Enterprise-grade Amharic & Ge'ez Biblical Text Tokenizer with Byte Pair Encoding

Project description

EthioBBPE

PyPI - Version PyPI - Python Version PyPI - License Hugging Face GitHub

📖 Overview

EthioBBPE is a professional, production-ready Byte Pair Encoding (BPE) tokenizer specifically designed for Amharic, Ge'ez, and biblical texts.
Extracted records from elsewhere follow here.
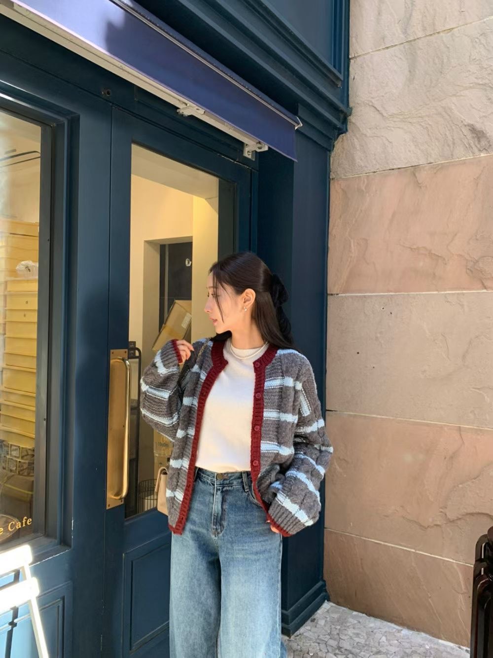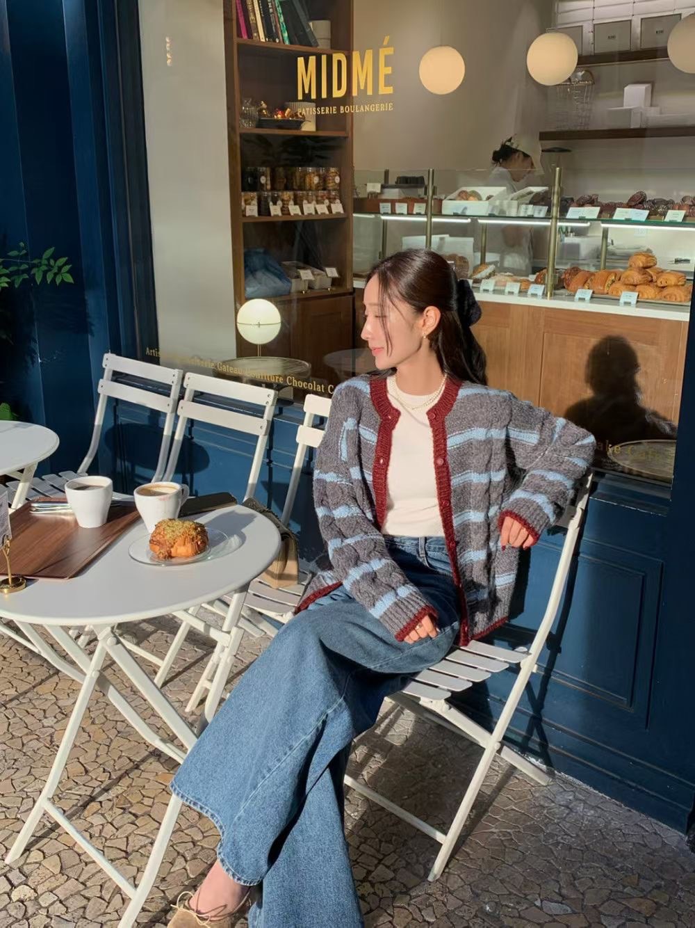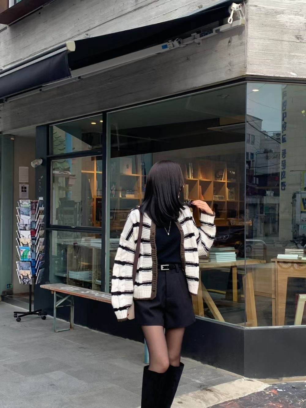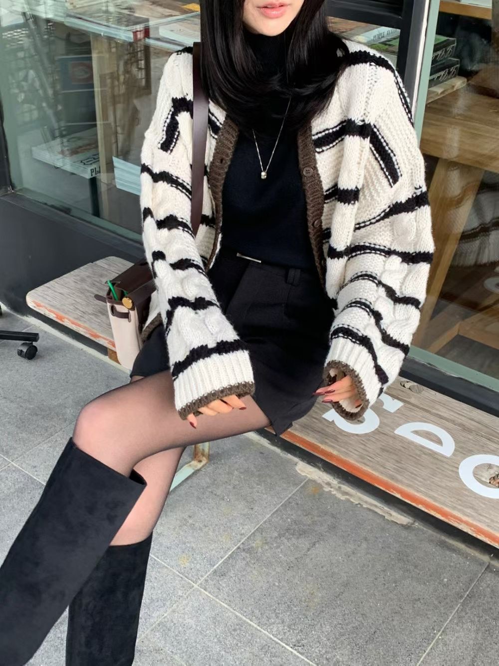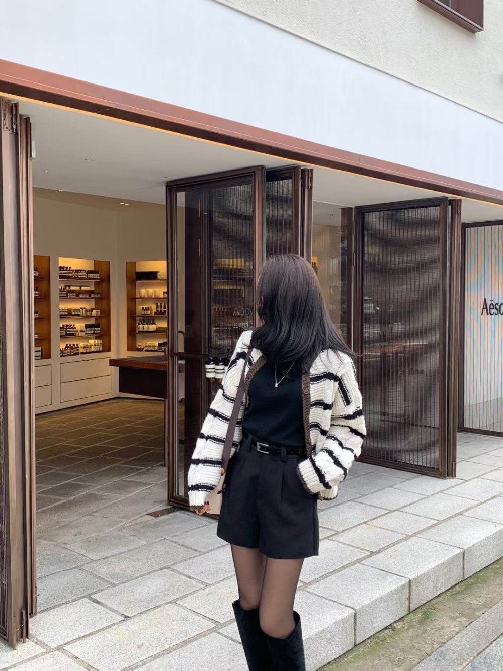 短毛圓領排釦針織衫+鬆緊A字短裙SET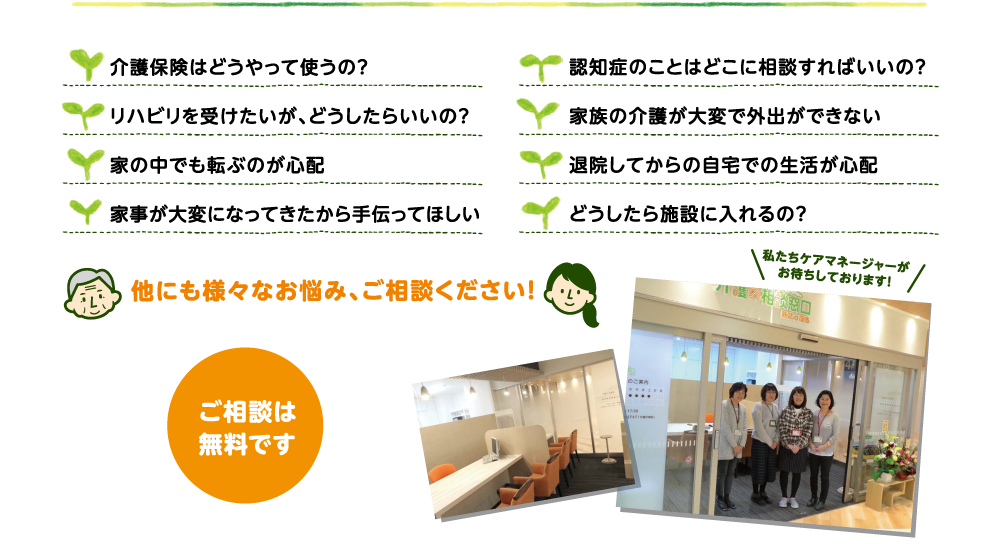 介護保険や高齢者の制度に詳しいケアマネジャーが相談をお受けする窓口です。 ケアマネジャーは、介護認定を受けた方々のサービス計画を作成したり、事業所との連絡調整など、介護保険制度に関わる仕事を行いますが、介護の相談窓口では、介護保険の利用の有無に関わらず、加齢のために起こる様々な不安やお悩みについてご相談を受け、一緒に考え、健やかで明るい毎日を過ごせるようお手伝いをしていきます。 相談料金は一切かかりませんので、お気軽にお立ち寄り下さい。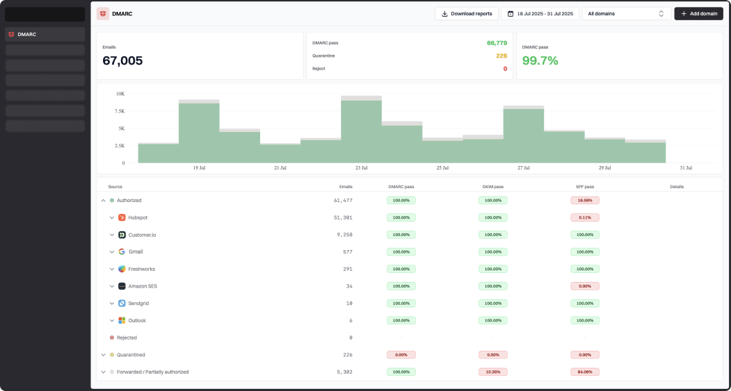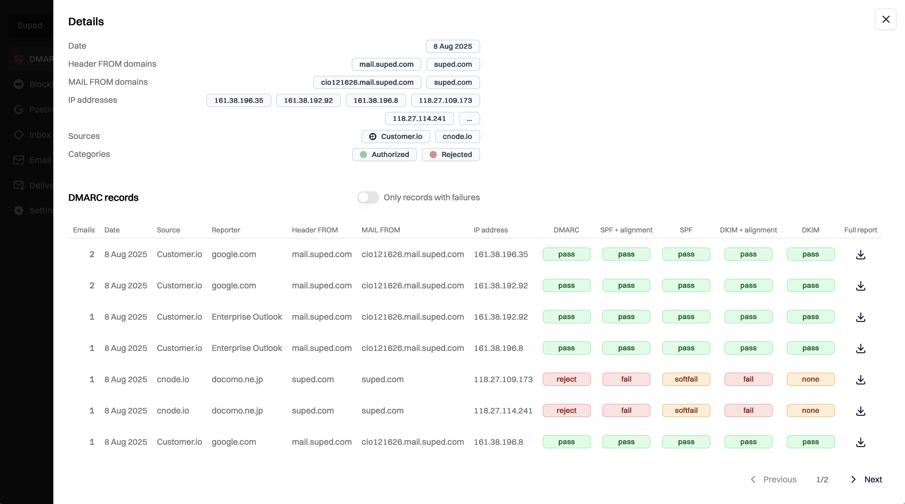 Suped ist eine leistungsstarke und benutzerfreundliche DMARC-Überwachungsplattform, die entwickelt wurde, um die E-Mail-Authentifizierung zu entmystifizieren und Ihre Domain zu sichern. Wir bieten eine vollständige Lösung, die Sie in die Lage versetzt, die volle Kontrolle über Ihr E-Mail-Ökosystem zu übernehmen, Ihren Markenruf zu schützen und sicherzustellen, dass Ihre legitimen E-Mails immer den Posteingang erreichen.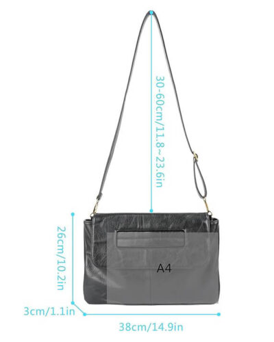 Designed for flexibility, this bag shines with its dual-use structure: it works beautifully as a sleek clutch, perfect for tucking under your arm at meetings, and comes with a removable, adjustable 47.24” shoulder strap.
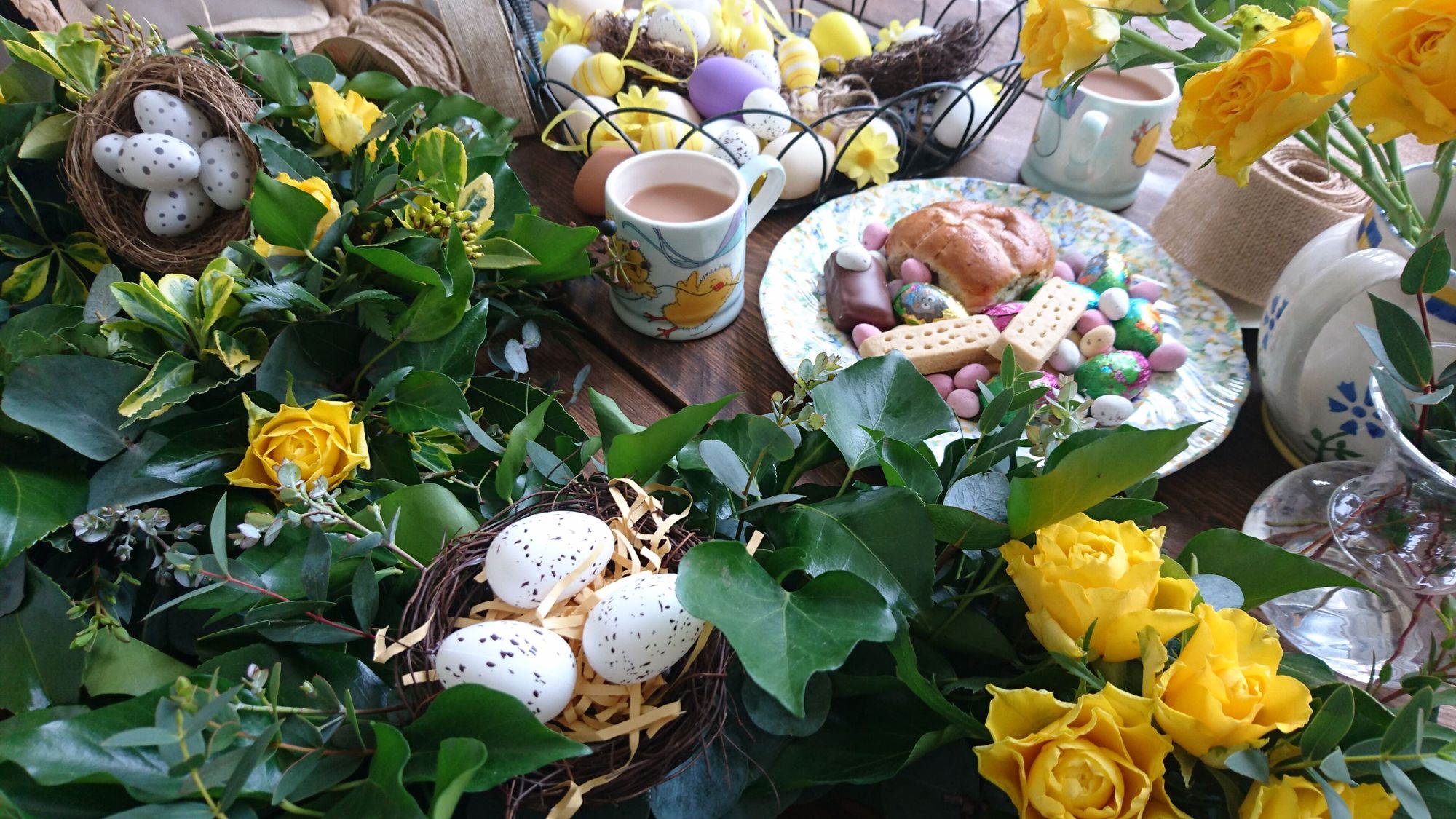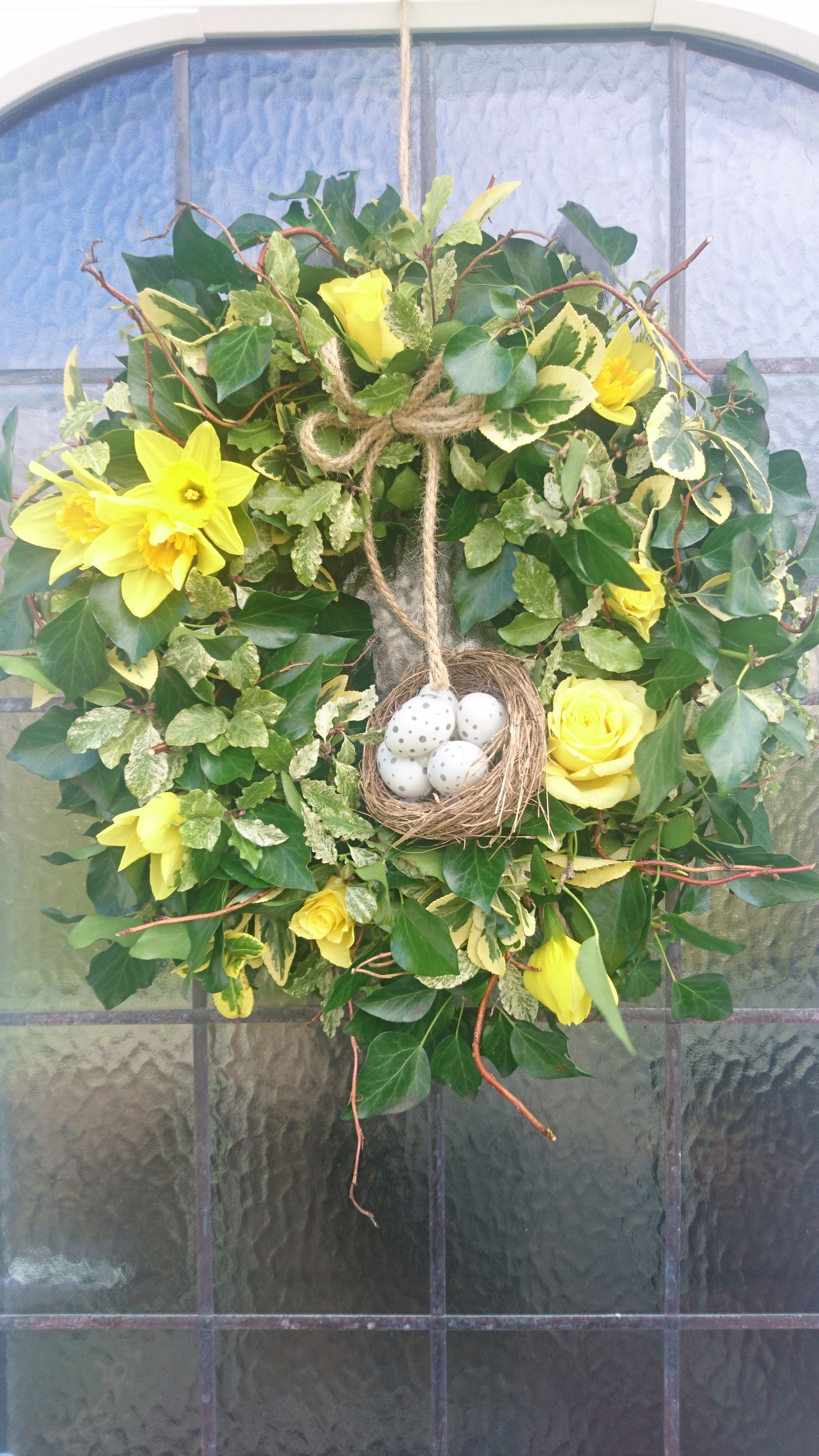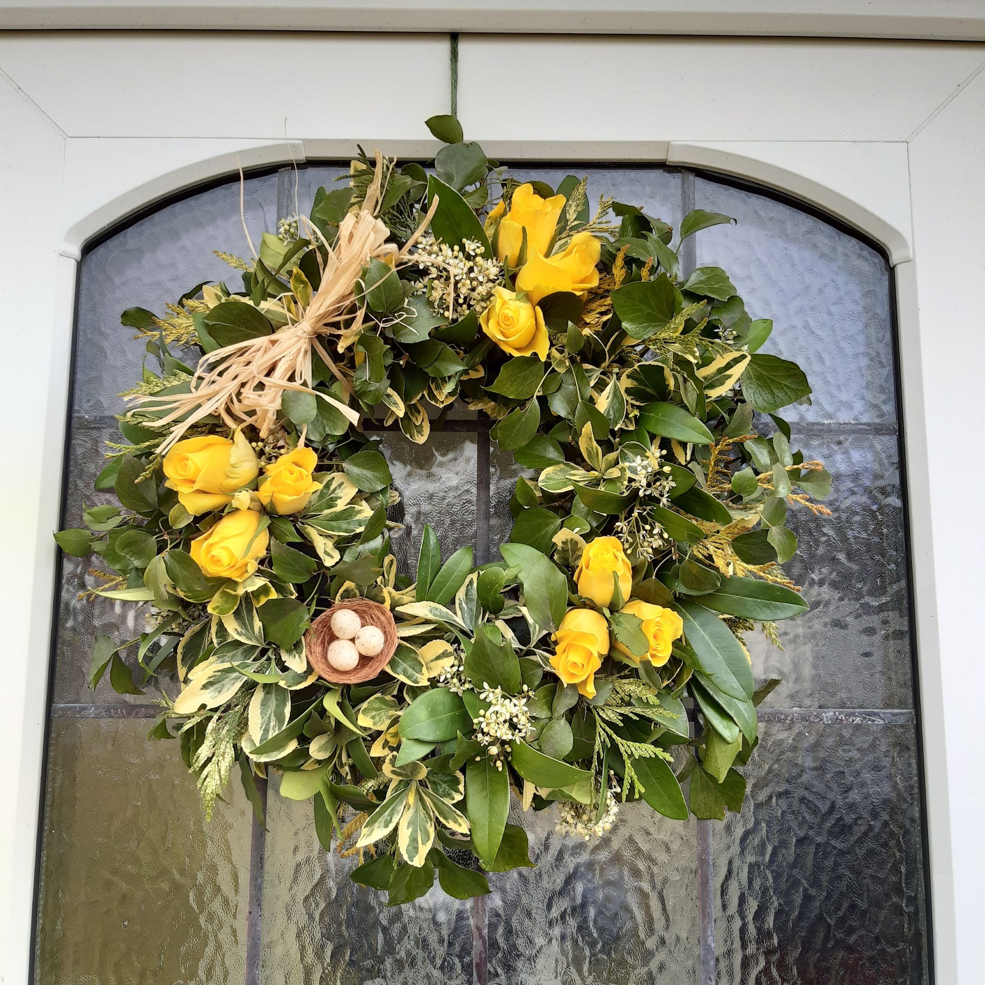 Covid didn't put a stop to an Easter wreath workshop. I zoom called my neighbours and taught them how to create their wreaths via video tuition!Groupings of yellow roses which pick out the varigated foliage within the wreath, topped off with a raffia bow.An easy to make Easter door wreath which includes, tree ivy, varigated eunonymous and pittosporum. Contorted twigs add texture and movement with yellow roses and daffodils adding a pop of colour.Hot cross buns, chocolate eggs and biscuits served at the midway point.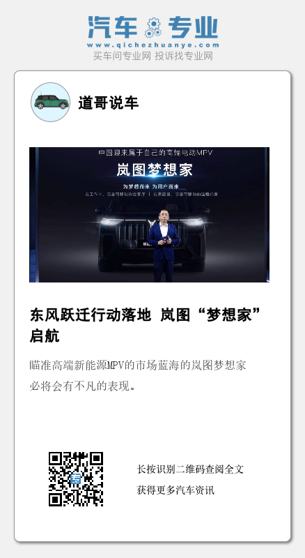 每个人都有梦想,每个人也都有一个梦想中的移动空间,其实从“梦想家”的命名来看,我们就能看到这款车背后所承载的“梦想”。作为汽车央企国家队,东风公司承载着建设汽车强国的重任,肩负着推动民族品牌向上的使命。岚图作为东风探索中国品牌发展新模式、推动民族品牌向上的最佳实践,不断打造国货新标杆,引领中国汽车产业转型升级,为新中坚的美好生活赋能,正是岚图背后的梦想。

It provides state-of-the-art tokenization for Ethiopian languages with support for ancient scripts and special characters.

✨ Key Features

  • 🚀 One-line Installation: pip install EthioBBPE
  • 🤖 Auto-download: Models automatically downloaded from Hugging Face Hub
  • 📦 Compressed Storage: Gzip compression for efficient storage (65%+ size reduction)
  • High Performance: Optimized for speed with batch processing
  • 🎯 Perfect Reconstruction: 100% accuracy on Amharic biblical texts
  • 🔧 Professional API: Clean, intuitive interface inspired by Hugging Face
  • 📊 Production Ready: Checkpointing, quantization, and comprehensive metrics

🚀 Quick Start

Installation

pip install EthioBBPE

Basic Usage

from ethiobbpe import EthioBBPETokenizer

# Load pretrained tokenizer (auto-downloads from Hugging Face)
tokenizer = EthioBBPETokenizer.from_pretrained()

# Encode text
text = "ሰላም ለኢዮብ ዘኢነበበ ከንቶ ።"
encoded = tokenizer.encode(text)

print(f"Tokens: {encoded.tokens}")
print(f"IDs: {encoded.ids}")

# Decode back to text
decoded = tokenizer.decode(encoded.ids)
print(f"Decoded: {decoded}")
# Output: ሰላም ለኢዮብ ዘኢነበበ ከንቶ ። (100% accurate!)

Advanced Usage

from ethiobbpe import AutoTokenizer

# Alternative: Use AutoTokenizer factory
tokenizer = AutoTokenizer.from_pretrained("Nexuss0781/Ethio-BBPE")

# Batch encoding
texts = [
    "በመዠመሪያ፡እግዚአብሔር፡ሰማይንና፡ምድርን፡ፈጠረ።",
    "ወደ ቍስጥንጥንያ አገርም በደረሰች ጊዜ",
    "ሐዋርያ መንፈስ ይቤ እንዘ ያነክር ሕይወቶ"
]

encodings = tokenizer.encode_batch(texts)
for i, enc in enumerate(encodings):
    print(f"Text {i}: {len(enc.tokens)} tokens")

# Callable interface
result = tokenizer("ሰላም ዓለም")
print(result.tokens)

# Get vocabulary
vocab = tokenizer.get_vocab()
print(f"Vocabulary size: {tokenizer.get_vocab_size()}")

📊 Model Details

Property Value
Model Name EthioBBPE_AmharicBible
Vocabulary Size 16,000 tokens
Training Data 61,769 lines (Synaxarium + Canon Biblical)
Compression Gzip Level 9 (65%+ reduction)
Reconstruction Accuracy 100%
License Apache 2.0

Training Datasets

  1. Synaxarium Dataset: 366 religious texts
  2. Canon Biblical Dataset: 61,403 Amharic-English parallel texts

Total corpus: ~27.5 MB of high-quality Amharic biblical text.

🛠️ API Reference

EthioBBPETokenizer

Main tokenizer class with full encoding/decoding capabilities.

Methods

  • from_pretrained(model_name, cache_dir, force_download): Load pretrained model
  • from_file(file_path): Load from local file
  • encode(text, add_special_tokens, truncation, max_length): Encode single text
  • encode_batch(texts, ...): Encode multiple texts
  • decode(ids, skip_special_tokens): Decode token IDs
  • decode_batch(batch_ids, ...): Decode multiple sequences
  • get_vocab(): Get vocabulary dictionary
  • get_vocab_size(): Get vocabulary size
  • save(path): Save tokenizer to file

AutoTokenizer

Factory class for automatic tokenizer loading.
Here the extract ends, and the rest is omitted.